The required output is the exact text of the lines from the line containing "Rs 5 Vintage" through the final line below, inclusive, without pictures.

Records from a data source
===
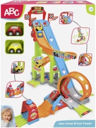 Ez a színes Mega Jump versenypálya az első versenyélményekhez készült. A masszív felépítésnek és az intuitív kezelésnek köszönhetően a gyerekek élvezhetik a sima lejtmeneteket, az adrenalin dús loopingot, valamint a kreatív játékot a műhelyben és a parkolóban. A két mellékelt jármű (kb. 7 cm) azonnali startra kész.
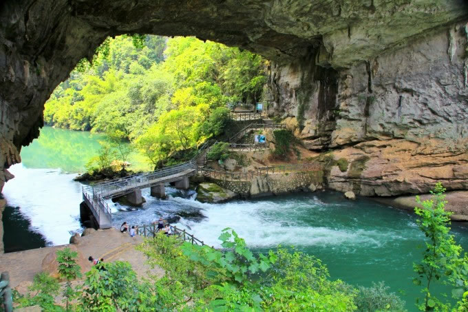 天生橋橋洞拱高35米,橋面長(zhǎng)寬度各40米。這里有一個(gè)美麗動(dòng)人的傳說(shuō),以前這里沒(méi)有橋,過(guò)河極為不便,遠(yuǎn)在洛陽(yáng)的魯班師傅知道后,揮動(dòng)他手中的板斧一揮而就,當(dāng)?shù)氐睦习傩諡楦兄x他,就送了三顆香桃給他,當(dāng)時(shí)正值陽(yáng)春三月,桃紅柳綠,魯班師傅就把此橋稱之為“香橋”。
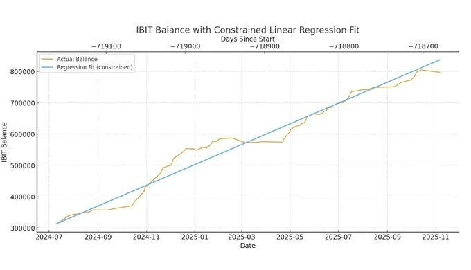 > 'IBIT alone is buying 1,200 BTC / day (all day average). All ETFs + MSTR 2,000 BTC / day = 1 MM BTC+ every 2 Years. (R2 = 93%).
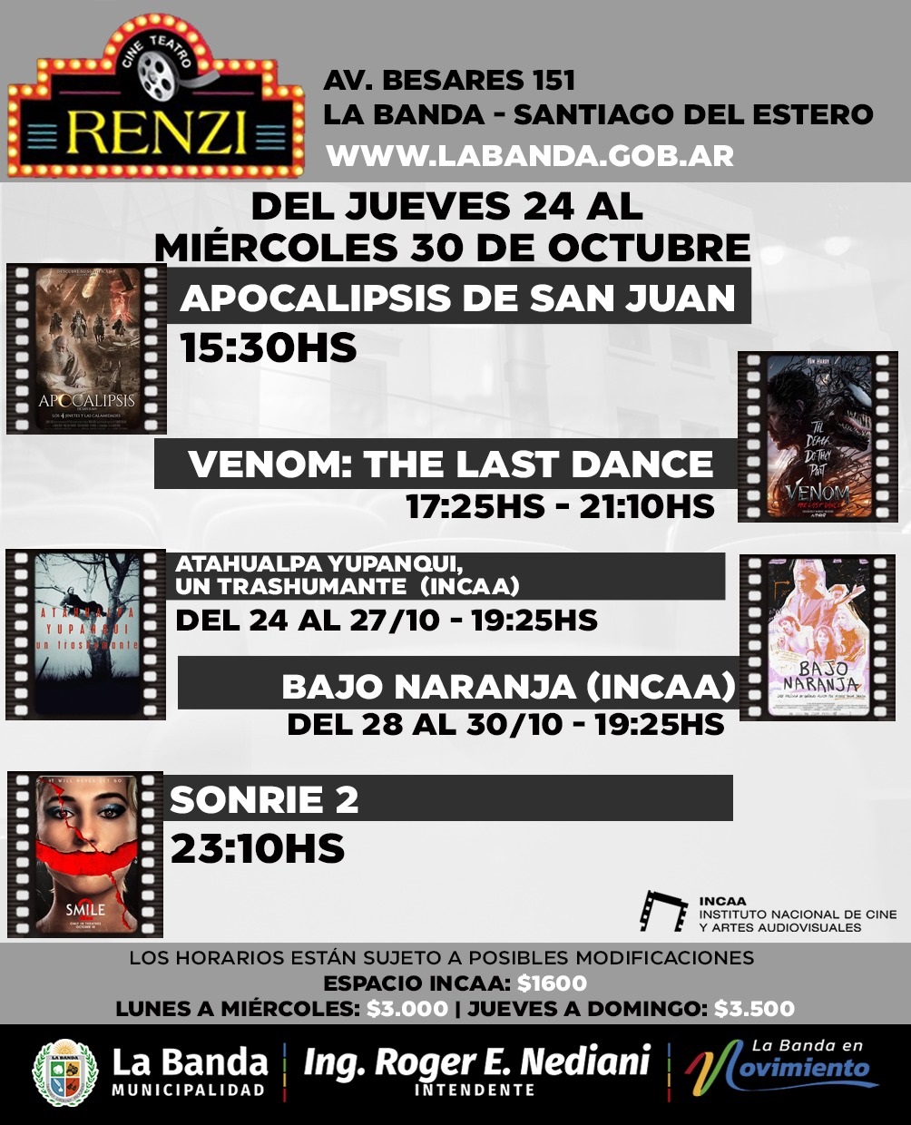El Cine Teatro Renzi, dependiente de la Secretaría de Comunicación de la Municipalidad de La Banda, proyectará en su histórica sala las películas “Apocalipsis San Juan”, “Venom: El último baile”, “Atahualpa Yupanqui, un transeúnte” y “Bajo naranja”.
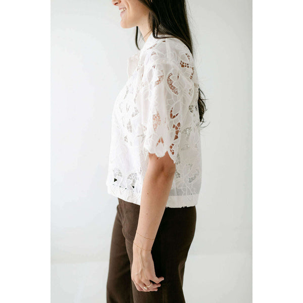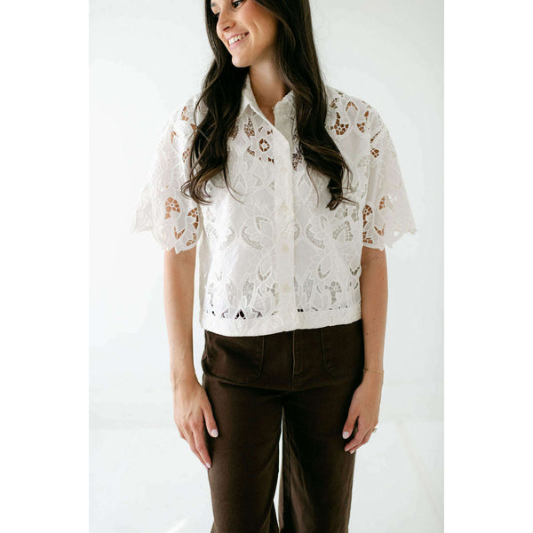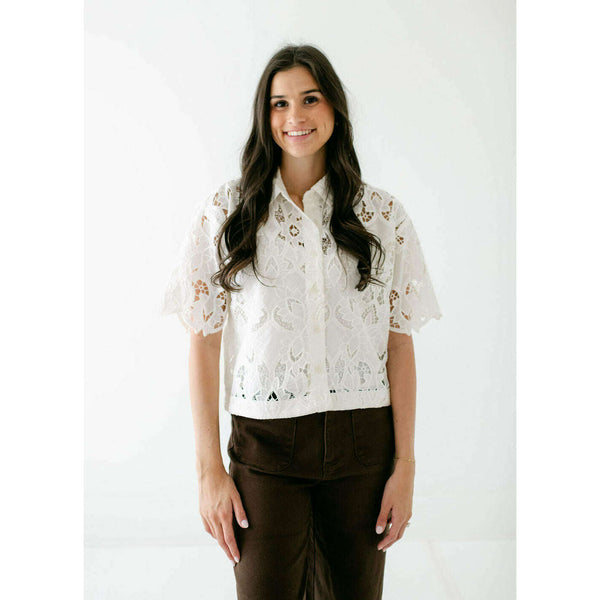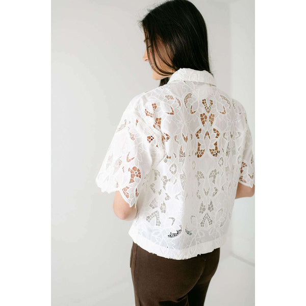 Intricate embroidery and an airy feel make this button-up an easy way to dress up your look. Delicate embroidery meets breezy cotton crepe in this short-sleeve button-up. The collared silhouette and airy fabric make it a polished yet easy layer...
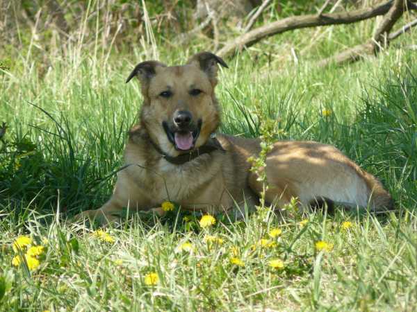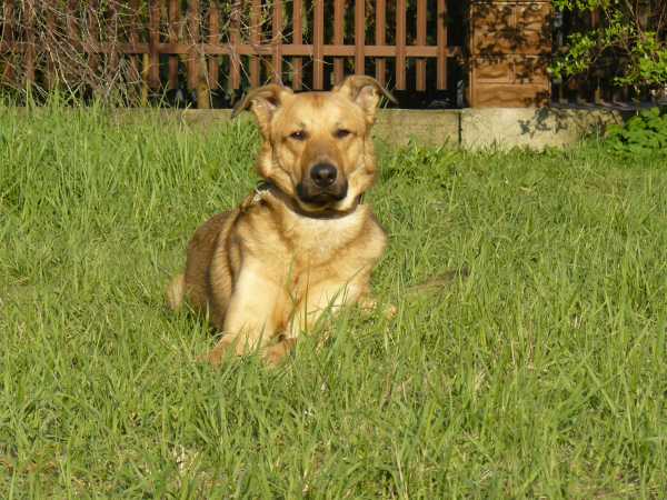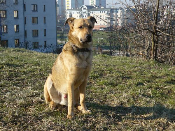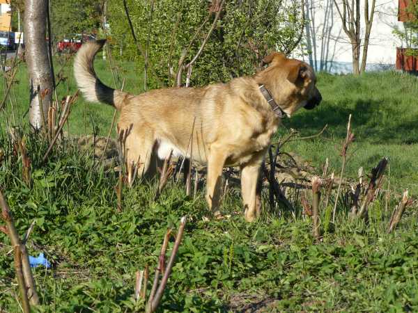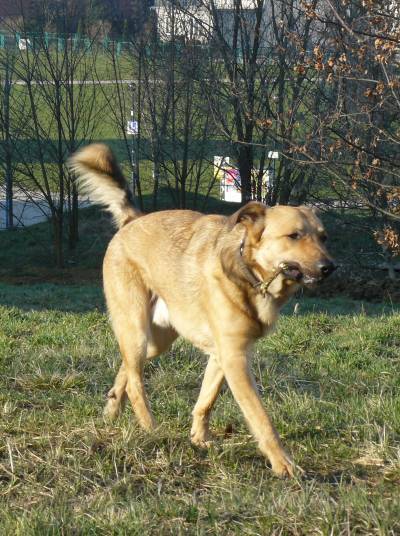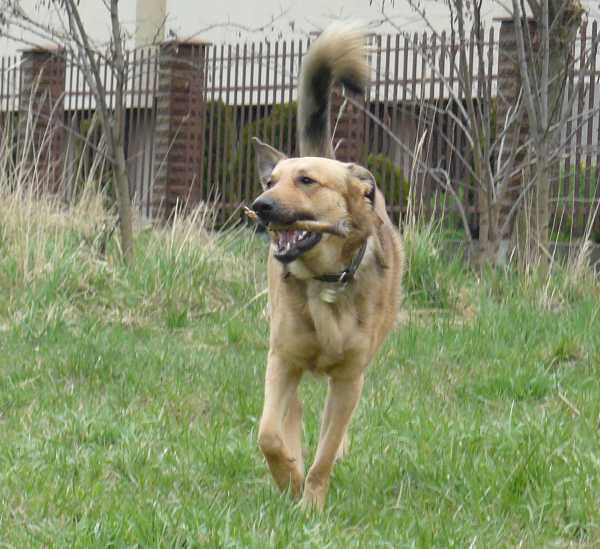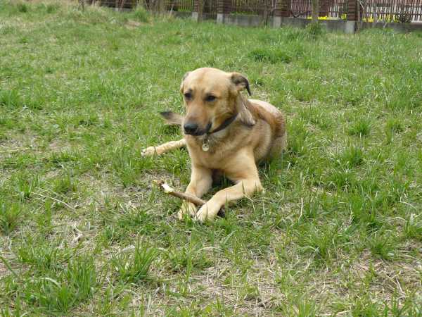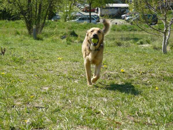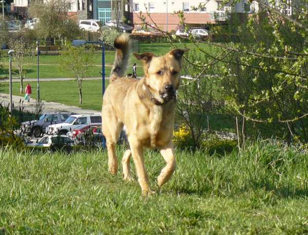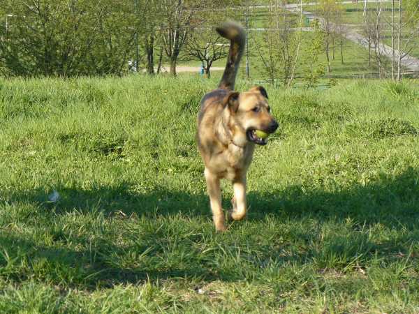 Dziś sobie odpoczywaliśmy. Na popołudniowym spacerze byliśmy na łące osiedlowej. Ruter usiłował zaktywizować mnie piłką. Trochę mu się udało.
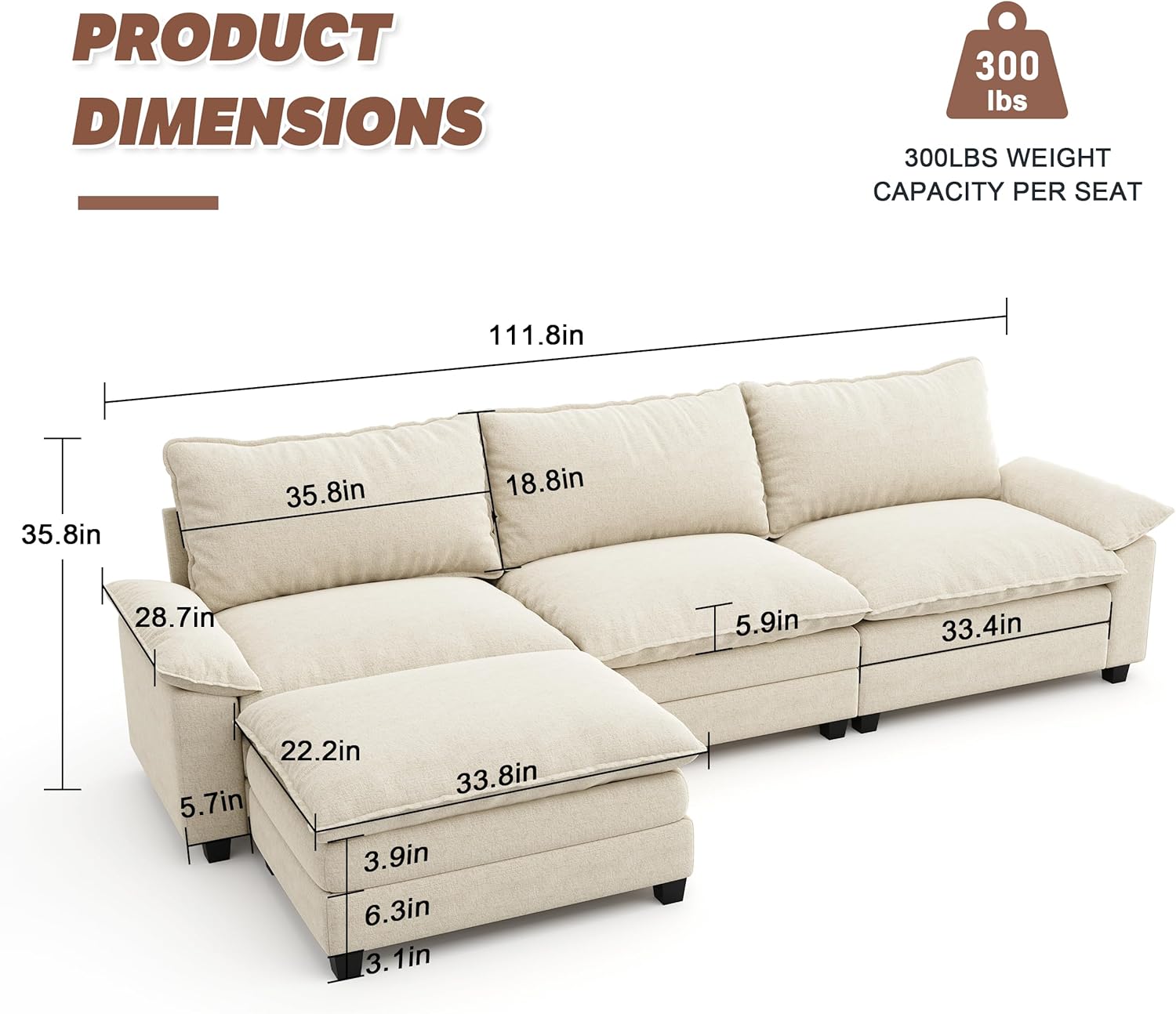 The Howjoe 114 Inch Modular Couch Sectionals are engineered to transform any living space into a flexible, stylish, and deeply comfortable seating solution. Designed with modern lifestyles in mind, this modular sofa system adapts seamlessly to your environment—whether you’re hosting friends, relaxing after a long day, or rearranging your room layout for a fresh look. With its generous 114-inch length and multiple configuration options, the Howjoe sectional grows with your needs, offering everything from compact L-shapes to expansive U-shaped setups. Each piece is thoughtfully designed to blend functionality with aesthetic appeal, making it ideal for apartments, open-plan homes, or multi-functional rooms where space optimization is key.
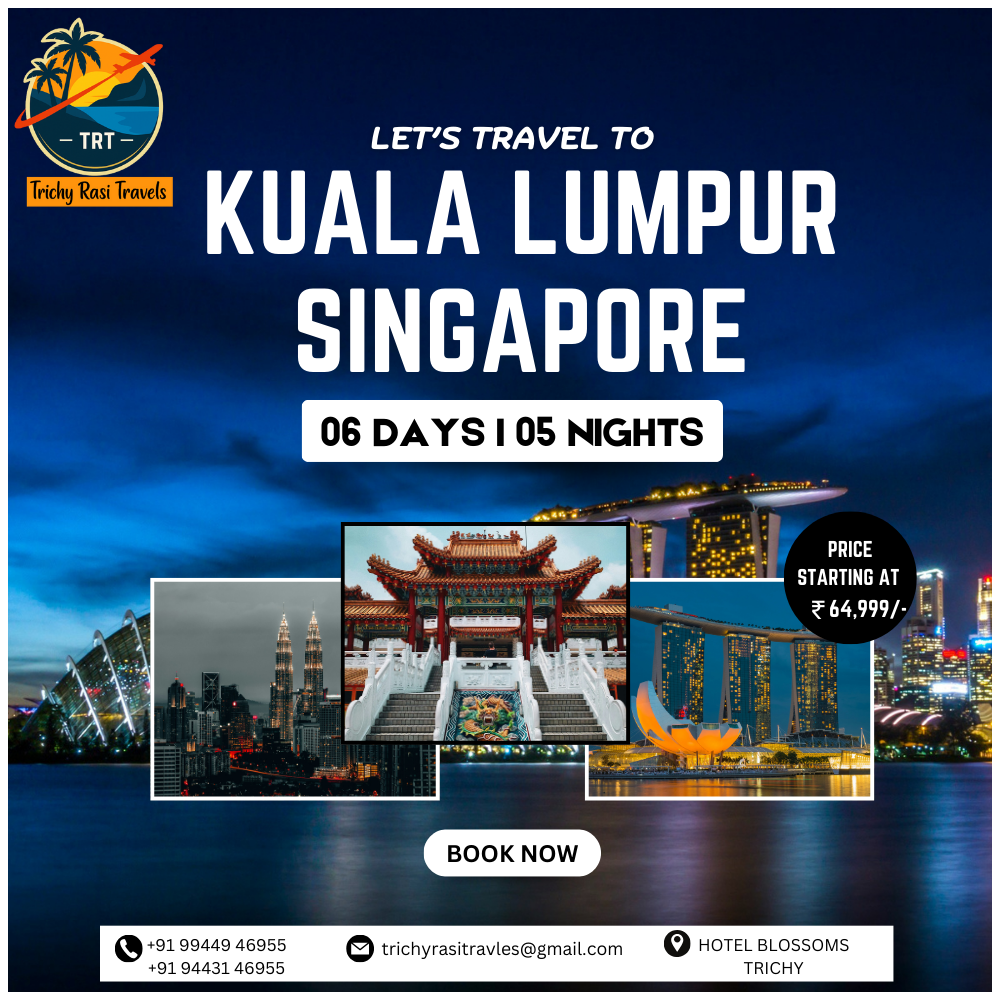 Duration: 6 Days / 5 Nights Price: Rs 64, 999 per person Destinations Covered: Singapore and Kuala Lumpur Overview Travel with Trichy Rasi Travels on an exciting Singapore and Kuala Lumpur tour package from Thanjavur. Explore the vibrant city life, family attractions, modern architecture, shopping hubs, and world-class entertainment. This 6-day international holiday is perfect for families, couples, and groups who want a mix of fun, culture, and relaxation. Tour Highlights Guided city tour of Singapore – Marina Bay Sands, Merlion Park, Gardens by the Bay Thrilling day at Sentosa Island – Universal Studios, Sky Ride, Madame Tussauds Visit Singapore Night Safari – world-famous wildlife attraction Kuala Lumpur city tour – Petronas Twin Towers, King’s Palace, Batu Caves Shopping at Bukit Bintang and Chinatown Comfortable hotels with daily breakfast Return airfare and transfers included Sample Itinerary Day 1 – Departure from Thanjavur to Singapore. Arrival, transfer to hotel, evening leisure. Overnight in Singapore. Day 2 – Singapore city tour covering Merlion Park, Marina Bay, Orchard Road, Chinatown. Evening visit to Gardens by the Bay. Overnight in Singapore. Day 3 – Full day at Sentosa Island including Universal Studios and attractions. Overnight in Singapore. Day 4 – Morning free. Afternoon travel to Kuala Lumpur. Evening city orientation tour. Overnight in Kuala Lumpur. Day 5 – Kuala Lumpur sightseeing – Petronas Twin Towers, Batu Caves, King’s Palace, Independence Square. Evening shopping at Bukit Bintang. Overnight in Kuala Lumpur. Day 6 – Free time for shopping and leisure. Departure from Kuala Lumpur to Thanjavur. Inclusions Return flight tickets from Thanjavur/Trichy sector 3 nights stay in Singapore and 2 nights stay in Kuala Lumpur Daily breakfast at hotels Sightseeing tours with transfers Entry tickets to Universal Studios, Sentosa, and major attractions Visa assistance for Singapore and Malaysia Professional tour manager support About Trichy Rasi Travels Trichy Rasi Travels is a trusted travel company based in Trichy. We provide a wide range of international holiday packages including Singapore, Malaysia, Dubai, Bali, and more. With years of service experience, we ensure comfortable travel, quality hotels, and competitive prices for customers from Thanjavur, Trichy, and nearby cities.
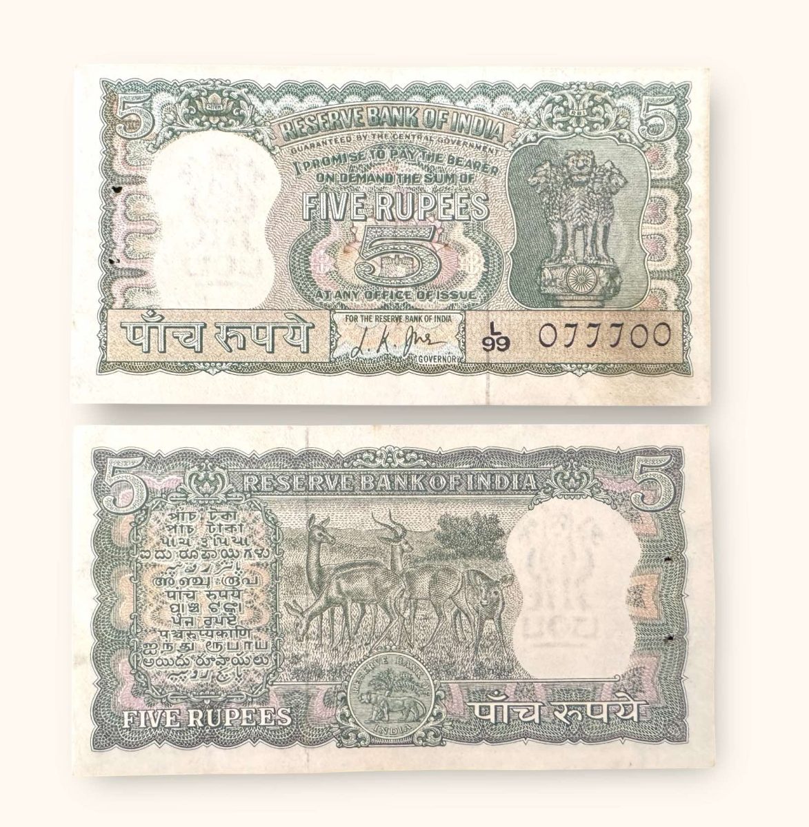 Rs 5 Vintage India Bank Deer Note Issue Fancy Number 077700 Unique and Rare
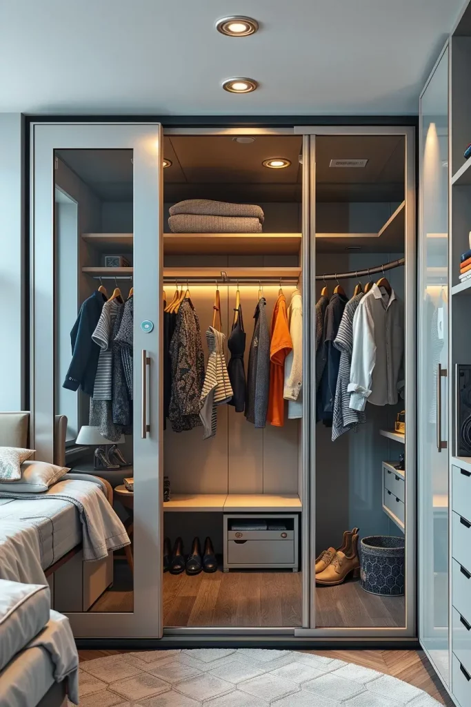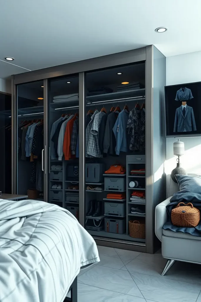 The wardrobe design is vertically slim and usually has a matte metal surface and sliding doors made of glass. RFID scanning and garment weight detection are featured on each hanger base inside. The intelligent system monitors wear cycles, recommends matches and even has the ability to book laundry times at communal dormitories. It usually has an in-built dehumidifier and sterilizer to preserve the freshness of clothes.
===
| Answer |
 Rs 5 Vintage India Bank Deer Note Issue Fancy Number 077700 Unique and Rare
 The wardrobe design is vertically slim and usually has a matte metal surface and sliding doors made of glass. RFID scanning and garment weight detection are featured on each hanger base inside. The intelligent system monitors wear cycles, recommends matches and even has the ability to book laundry times at communal dormitories. It usually has an in-built dehumidifier and sterilizer to preserve the freshness of clothes.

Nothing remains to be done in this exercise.